On Thursday, the California Public Utilities Commission (CPUC) made its decision on the maximum length of existing contracts for rooftop solar owners who have so-called "Net Energy Metering" agreements with the state's utilities, under which those customers feed electricity from their rooftop solar arrays into the grid, running their electric meters back to zero.

The decision establishes a "transition period" after which new, longer-term rooftop solar policies yet to be enacted by the state will go into effect, starting in July 2017. The CPUC's decision to establish a 20-year transition period rather than a much shorter one urged by utilities is being hailed as a victory for rooftop solar.

The CPUC decision was mandated by Assembly Bill 327, a sweeping reform of rooftop solar regulations passed by the legislature last year. Solar advocates had warned that a shorter transition period would punish utility customers who'd made a commitment to installing solar on their properties, and had urged CPUC to set a long period so that property owners with solar panels would be able to realize savings on their utility bills.
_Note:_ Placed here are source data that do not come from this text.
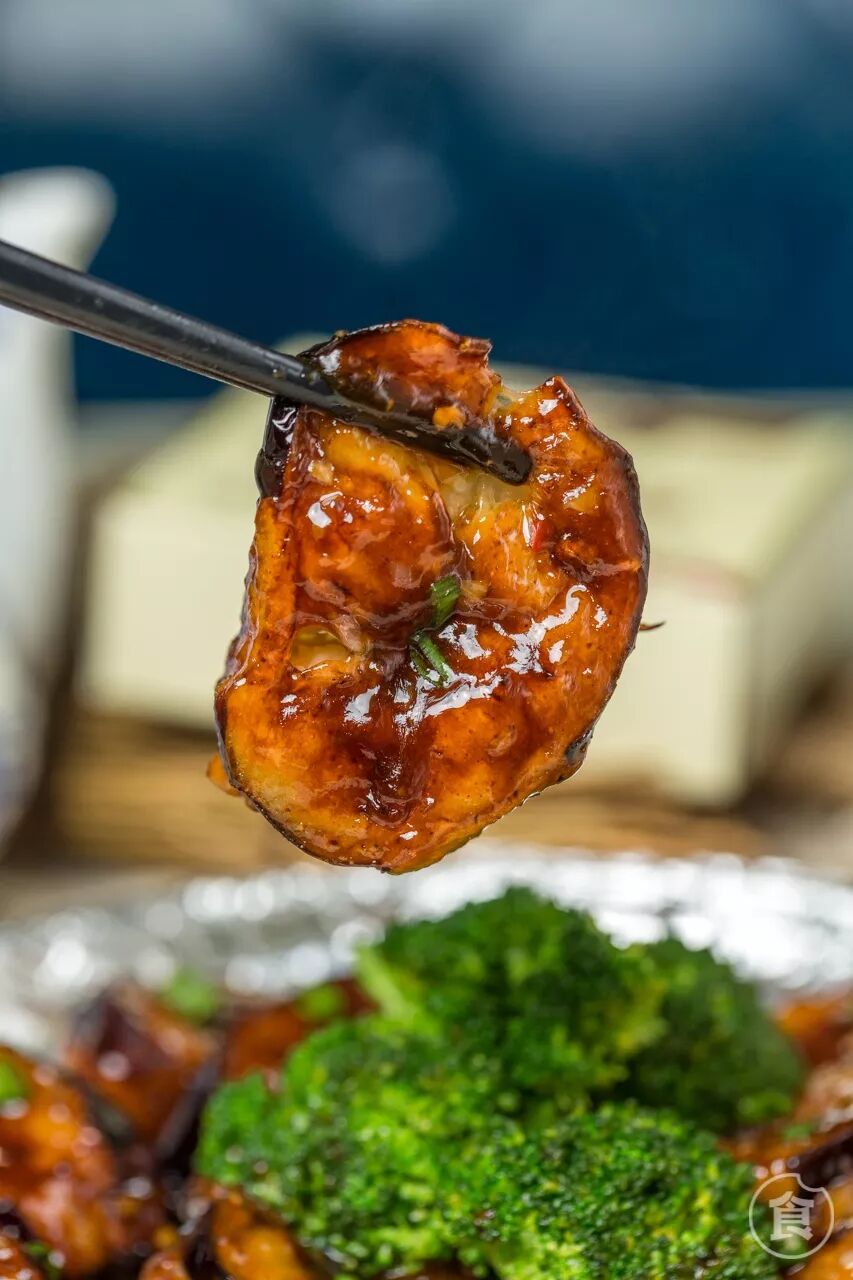 茄盒中间夹着肉末,在铁板上煎得绵软。蚝油的加持更增添了茄盒的风味,超级下饭!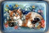 Description: Larisa Olisova is the author of this small, charming box. The work is called "Downy"; it is the name of a kitten painted on the box's lid. The kitten hunts after butterflies in the garden. Gold metal leaf shines through some of the butterflies. Gold paint is used to detail some of the flowers. The edges of the lid are adorned with silver punch-outs (silver scan patterns). Silver punch-outs can be also found on the box's exterior bottom, here the artist has also written her name, Fedoskino, the title and the year of 2008.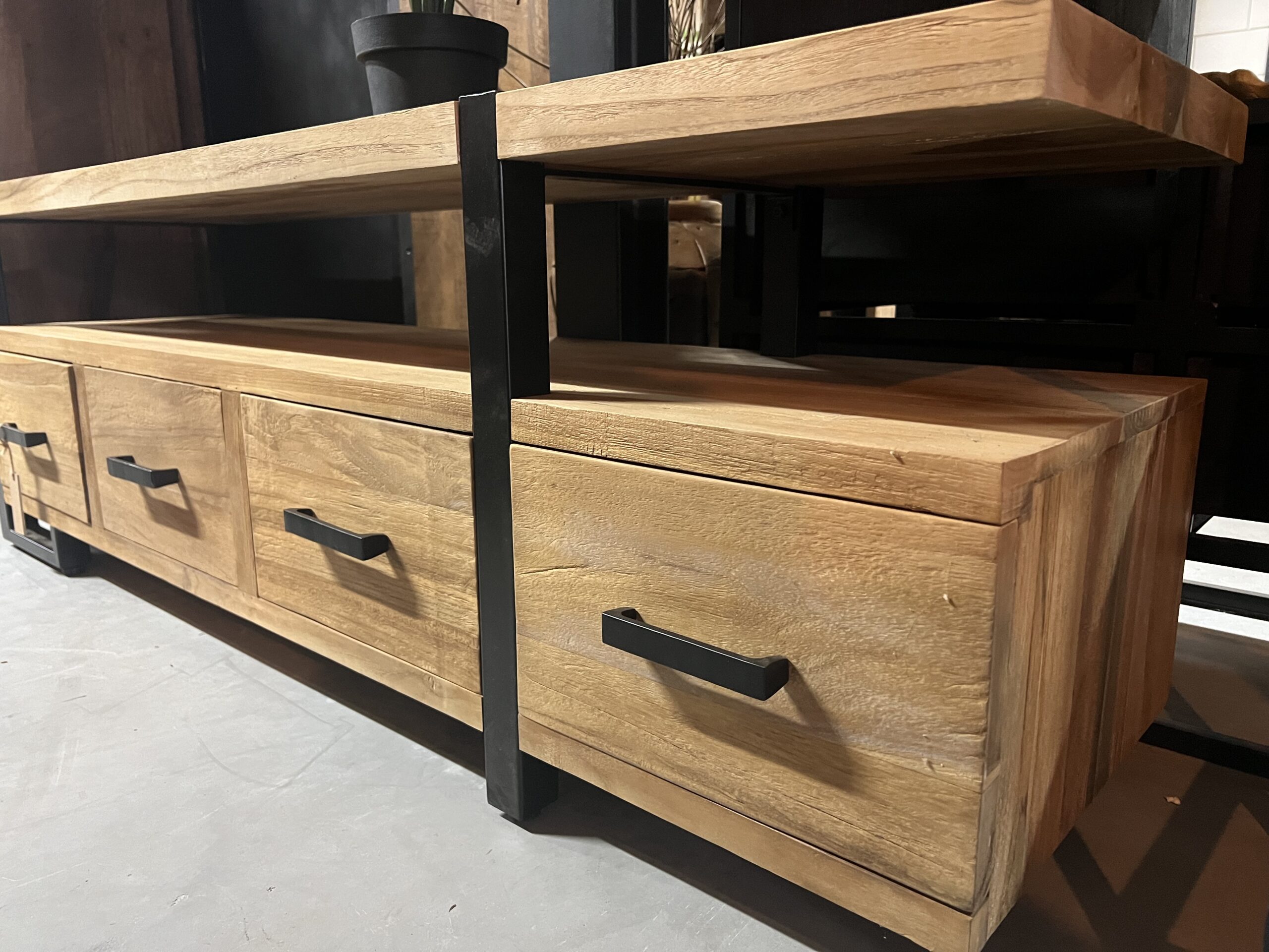 Het TV-meubel 150 cm is een eigentijds meubel dat op ambachtelijke wijze vervaardigd wordt van gerecycled teakhout. Het TV-meubel bevat vier lades, erg handig om allerlei spullen in op te bergen. Dit stoere en industriële meubel heeft dikke massieve teakhouten bladen en is qua design net even iets anders dan andere TV-meubels!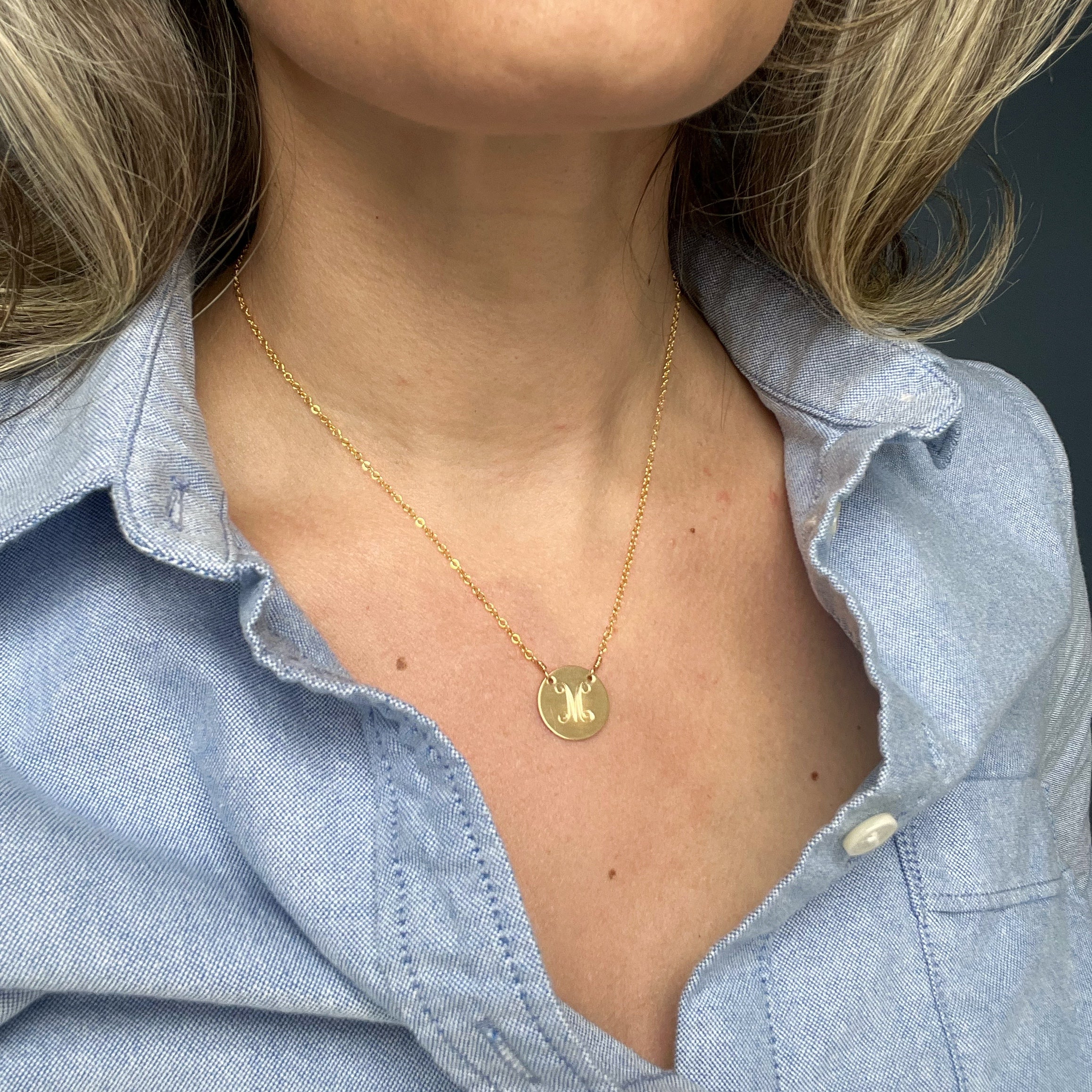 Polished and personal, our Single Initial Necklace has a hand brushed finish and is engraved in our Doylestown, PA studio with a single letter that is meaningful and close to your heart. Layers beautifully with other necklaces and comes in both 14K Gold Filled and Sterling Silver.

Those solar advocates included Governor Jerry Brown, who urged in a note when he signed AB 327 into law that the CPUC establish a transition period roughly as long as the expected useful life of typical solar panel setups. That useful life is generally considered to be 20 to 30 years.

The state's utilities and some ratepayer-focused groups has asked for a much shorter transition period, ranging from four to twelve years. That would in theory have allowed solar panel owners to recoup their investments but not necessarily save in the long run, significantly reducing a major incentive for solar installations.

In its decision, the CPUC essentially mirrored solar advocates' arguments:

[W]e find that adopting a transition period that denies customer-generators the opportunity to realize their expected benefits would not be in the public interest, to the extent that it could undermine regulatory certainty and discourage future investment in renewable distributed generation.

"By rejecting the utility proposals, the CPUC stood up for California consumers," said Brad Heavner, Policy Director of the California Solar Energy Industries Association. "With this decision, the Brown Administration is sending a clear message that California will always be a solar friendly place."

Thursday's ruling applies to all net metering agreements established before July 1, 2017, and the 20-year period runs from the date the solar panels in question were (or are) hooked up to the grid. Solar systems going into service after July 2017 will be subject to as-yet-unwritten CPUC rules on a "successor tariff," the CPUC's jargony phrase for a longer-term payment structure for future rooftop solar systems in the state. The successor tariff was also mandated by AB 327.